Would you print only the lines running from the one with "위에 사진을 보시면 'k1', 't2', 't3'" to the final line of the data below, word for word and without pictures?

◆ **DATASET EXCERPT**

-.-.-

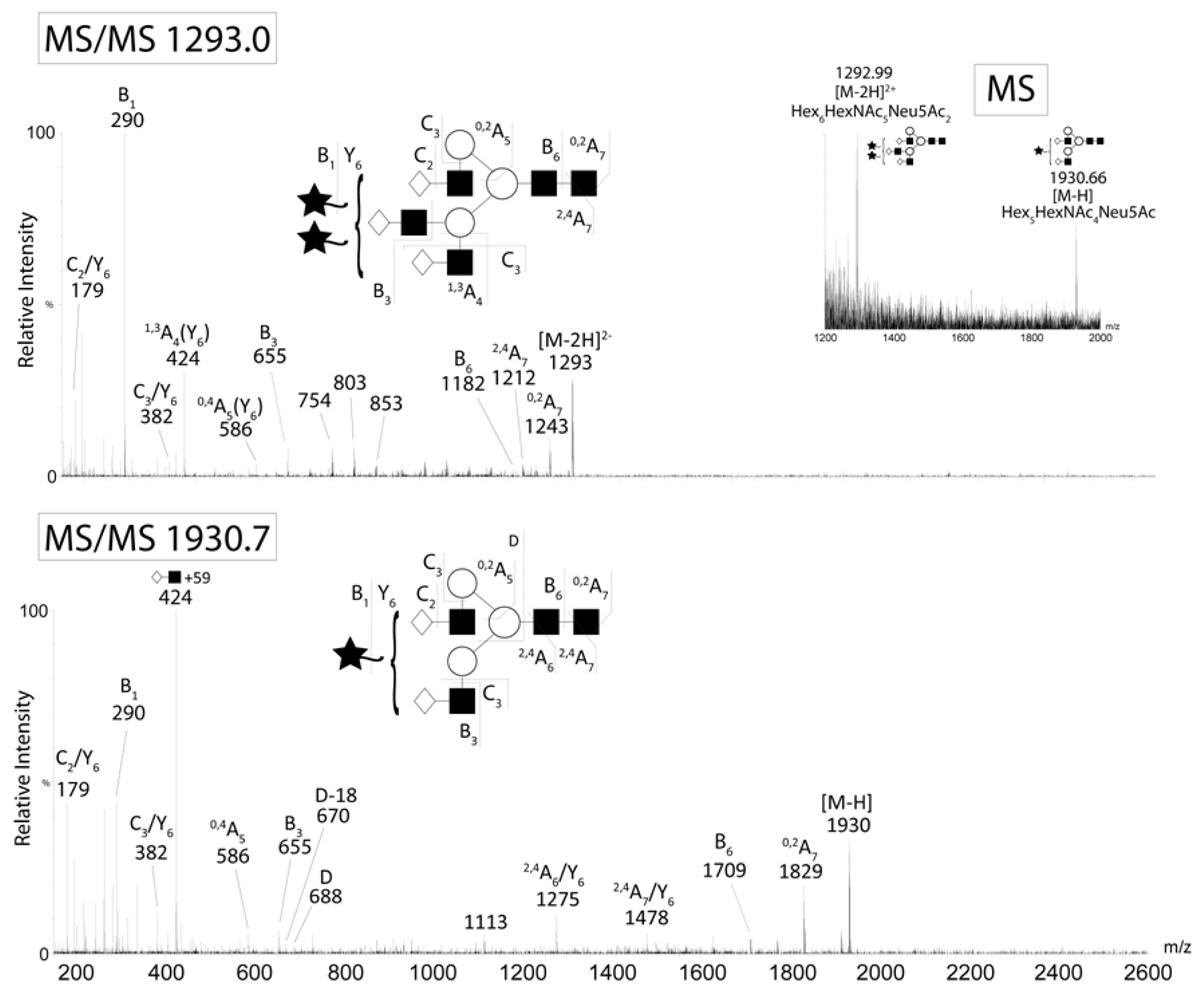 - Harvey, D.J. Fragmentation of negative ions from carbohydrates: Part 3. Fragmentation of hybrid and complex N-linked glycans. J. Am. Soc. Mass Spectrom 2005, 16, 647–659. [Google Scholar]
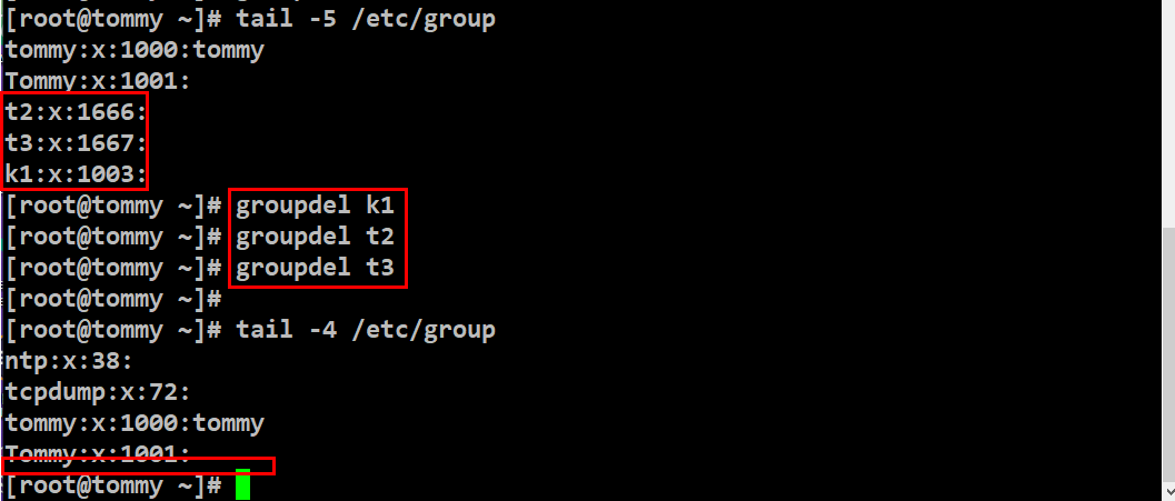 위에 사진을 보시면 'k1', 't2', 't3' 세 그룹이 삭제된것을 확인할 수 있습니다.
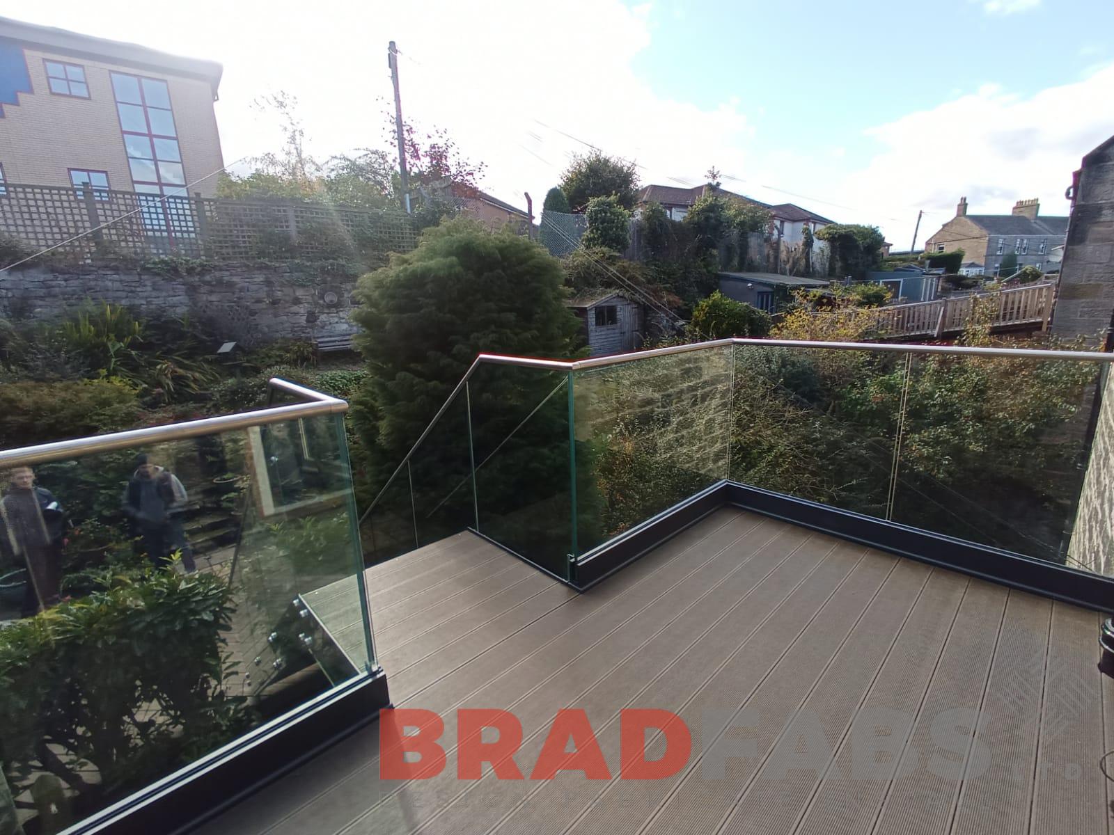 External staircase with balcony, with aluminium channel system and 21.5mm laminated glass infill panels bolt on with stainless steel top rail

-.-.-

◆ **ANSWER SECTION**
 위에 사진을 보시면 'k1', 't2', 't3' 세 그룹이 삭제된것을 확인할 수 있습니다.
 External staircase with balcony, with aluminium channel system and 21.5mm laminated glass infill panels bolt on with stainless steel top rail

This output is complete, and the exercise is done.